Dice: «Non vorrei sembrare polemico». Aggiunge: « Il fatto è che noi vogliamo dare un contenuto creativo diverso». Osserva: « Nella fashion week di Milano sfilano troppi marchi industriali. Se fossimo andati lì, saremmo sembrati uno dei tanti».
Conclusione: Franco Pené, il presidente della fiorentina Gibo, ha portato agli show di Londra la sua nuova linea, disegnata da Julie Verhoeven, un giovane talento abituato a incursioni anche nei territori dell'arte a dello spettacolo.

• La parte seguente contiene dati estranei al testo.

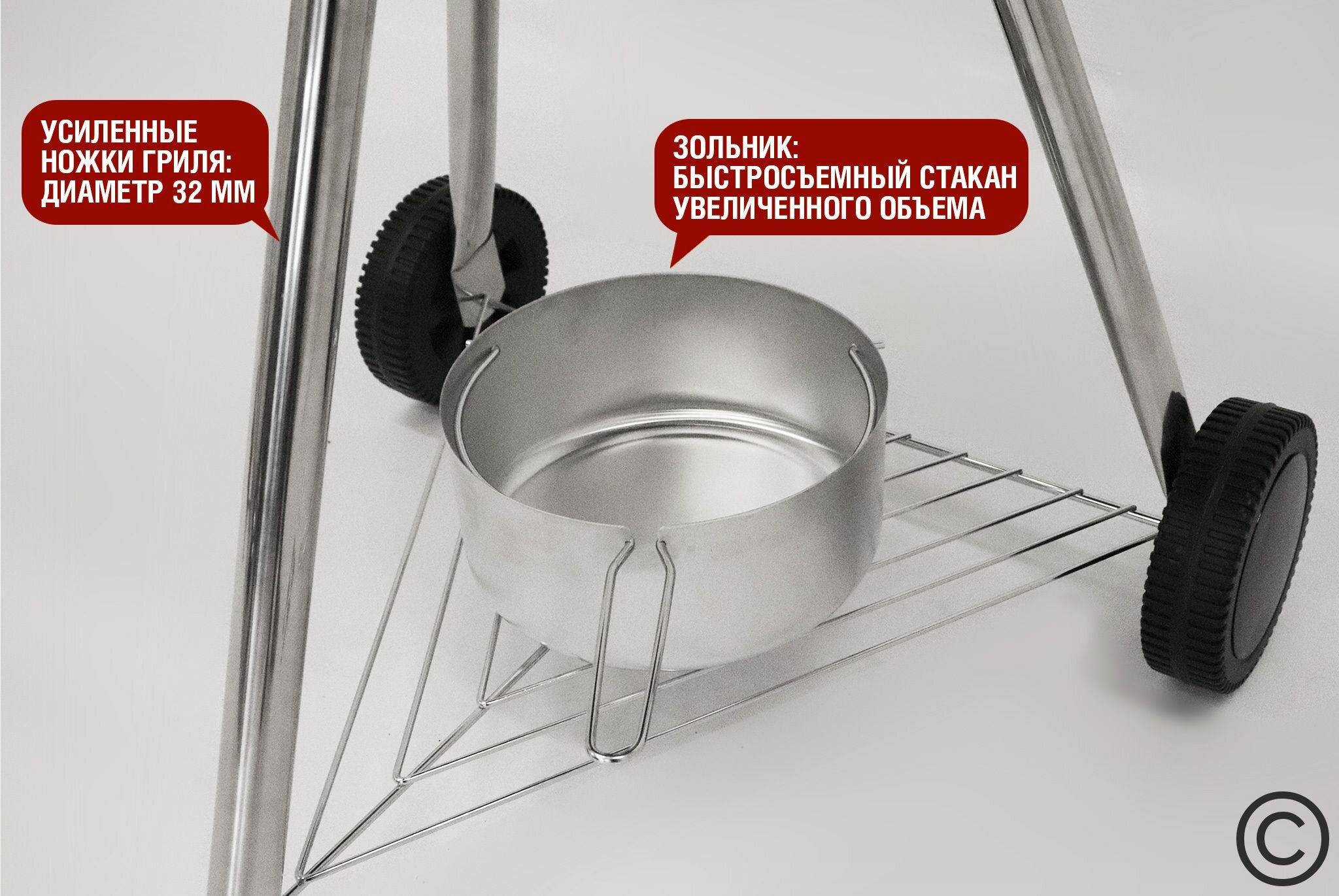| Минусы: | Термометр пришёл с гнутым щупом и не работает, на кромке самой чаши имеются сколы краски. Почти копия гриля известного бренда - не так грамотно продумана система регулировки подачи воздуха снизу и удаления золы. |

Il giudizio è duro anche se espresso sorridendo, ma se c'è qualcuno titolato a parlare di creatività è questo imprenditore di 51 anni dalla carriera molto variegata. Prima assistente all'Università, poi consulente finanziario, un passaggio dall'allora Gft, scuola di molti manager del tessile-abbigliamento, poi amministratore delegato del gruppo Kelemata, oggi è proprietario di un' azienda che è riuscita a produrre gli stilisti più fantasiosi, più creativi e, nello stesso tempo, a vantare un ottimo bilancio, con un fatturato di 44 milioni di euro nel 2002, lo stesso dell'anno precedente. « Un risultato di tutto rispetto – commenta Pené -. Non soltanto perché la congiuntura in genere è stata difficile, ma perché abbiamo dovuto reintegrare due licenze: Helmut Lang, che è stato acquistato dal gruppo Prada, a Alexander McQueen, che è entrato nella galassia di Gucci. Conservare gli stessi volumi ha richiesto uno sforzo doppio, ma nel 2003 dovremmo toccare i 55 milioni».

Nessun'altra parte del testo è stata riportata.